Continuing the theme and idea of the shepherd watching over the flock, it is important for us 21st Century hearers to understand how the 1st Century hearers of Jesus’ words would have taken them.  Large sheepfolds were generally constructed outside of town and several flocks would be kept in one sheepfold.  Someone would be hired to look after the sheep.  There was one gate to enter the enclosure. Those who would be about the good—the welfare of the flock, entered through the gate. Anyone else, a thief, would sneak in another way.  When the owner of a particular flock came to retrieve their sheep, the owner would call their sheep in a distinctive way that only they would recognize, and come. Many shepherds knew their sheep as individuals and called them by name.  It is this same kind of care and attention that each of us is promised by our God and that Jesus had in mind when he said, “I came that you might have life and have it to the full.”

There is great comfort in knowing that we are loved and cared for by such a God—such a love gives us the courage— the strength then, to go out and love generously in return—to give back in righteousness what we have so generously been given.  Part of this giving back is in striving to be our best selves.  This is what Peter is about in the 1st reading from Acts.  He is calling for a change of heart from his people even though he knows what the demands on them will be in becoming their best selves:  They will be misunderstood at times, there will be insults, but there will be the peace that comes, deep within, from knowing they have spoken the truth, stood alongside the misused and abused, even if they are in the minority.
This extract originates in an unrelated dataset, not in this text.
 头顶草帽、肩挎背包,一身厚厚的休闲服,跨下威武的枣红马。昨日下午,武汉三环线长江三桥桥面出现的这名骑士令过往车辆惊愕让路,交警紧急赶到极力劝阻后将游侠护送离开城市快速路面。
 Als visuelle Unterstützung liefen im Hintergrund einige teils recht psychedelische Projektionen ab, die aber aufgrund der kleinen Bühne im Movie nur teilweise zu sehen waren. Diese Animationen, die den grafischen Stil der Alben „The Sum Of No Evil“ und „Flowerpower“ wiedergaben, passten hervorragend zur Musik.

Jesus continually spoke up for the misused, abused, and persecuted ones in his midst—he had to suffer as a result of his boldness, his truth-telling and we can expect no less.  Suffering will be a part of our lives as Christians if we are walking in Jesus’ footsteps and of all the ways we can suffer in this life, it is hardest when we are called to suffer for having done nothing wrong—as was the case with Jesus, but for  having done the right thing.  But we must always remember and never forget that Jesus has shown us the way,

It is Jesus’ spirit that rings through the examples in my life this week—you can add your own.  Jesus will draw us close and call us to be more through all that comes into our existence. We can either live out the Scriptures, following in Jesus’ footsteps or we can let the selfishness of healthcare for some, but not for all continue.  We can continue to take the easy answer of executing people rather than doing the hard work of rehabilitating them.  We can proclaim our Christianity with bumper stickers, or with deeds—the choice is ours.
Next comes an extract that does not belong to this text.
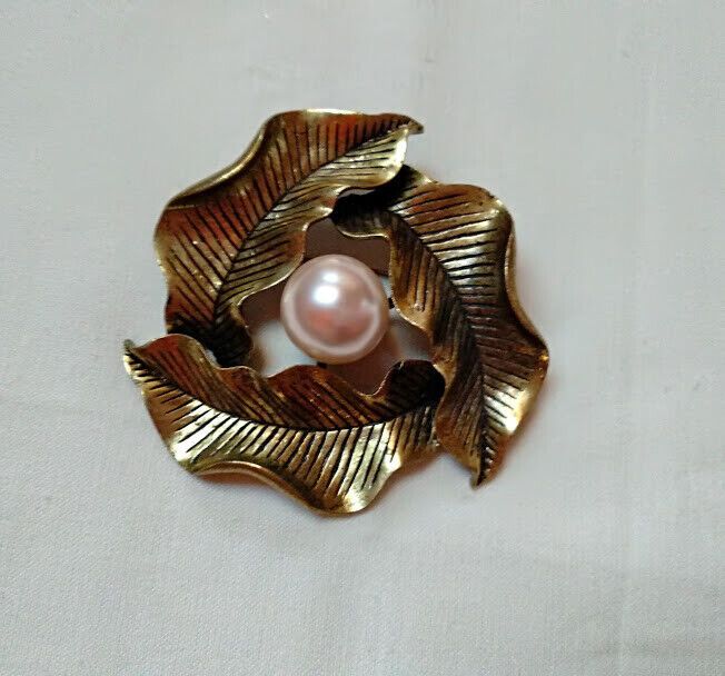 Bonito broche de bisutería en metal dorado envejecido compuesto por tres hojas y rematado en su parte central por una perla blanca.
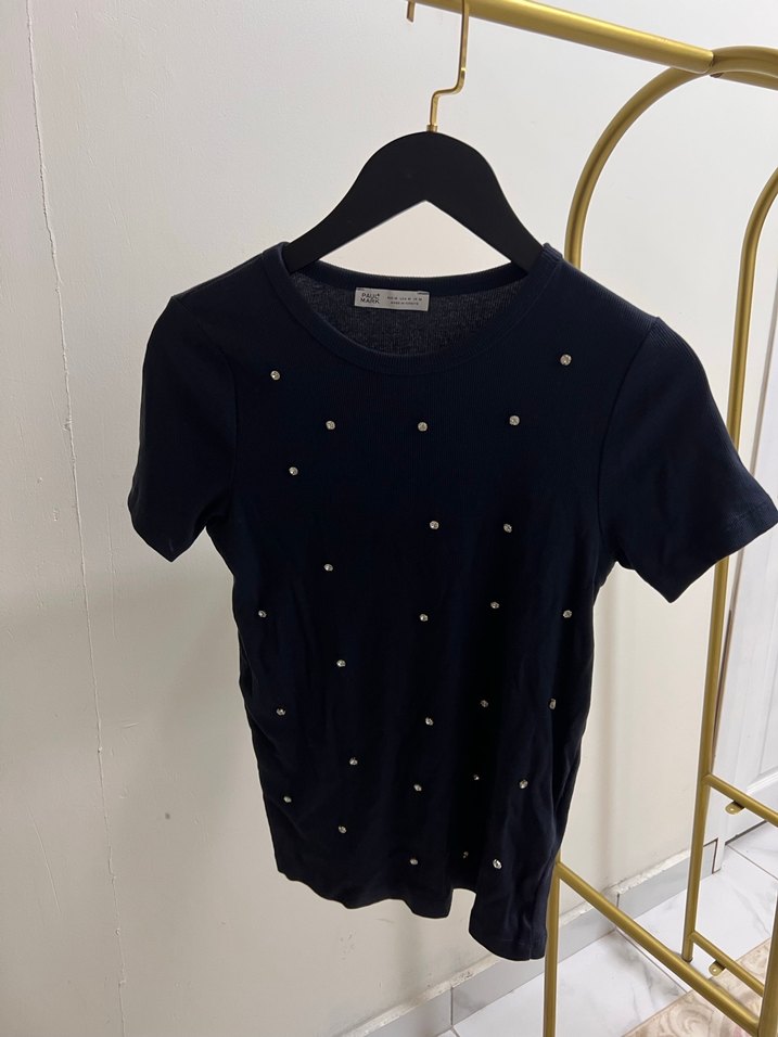 Lacivert, payetlerle süslenmiş, kısa kollu ve bisiklet yaka, denim görünümlü dar kesim tişört. Günlük sokak stili için uygun. ✨

Each of us friends is called to do our part—to live a life of service—a life that speaks truth no matter what—a life that will not allow one more person to be abused, put down, thought less of.  We need to let love rule the day—not power, not anger, nor hatred.  Let love be our guide.  Jesus showed us this and what better way to praise and honor him, in this Easter Season then to live likewise. Let us begin to see each other as God sees us and loves us.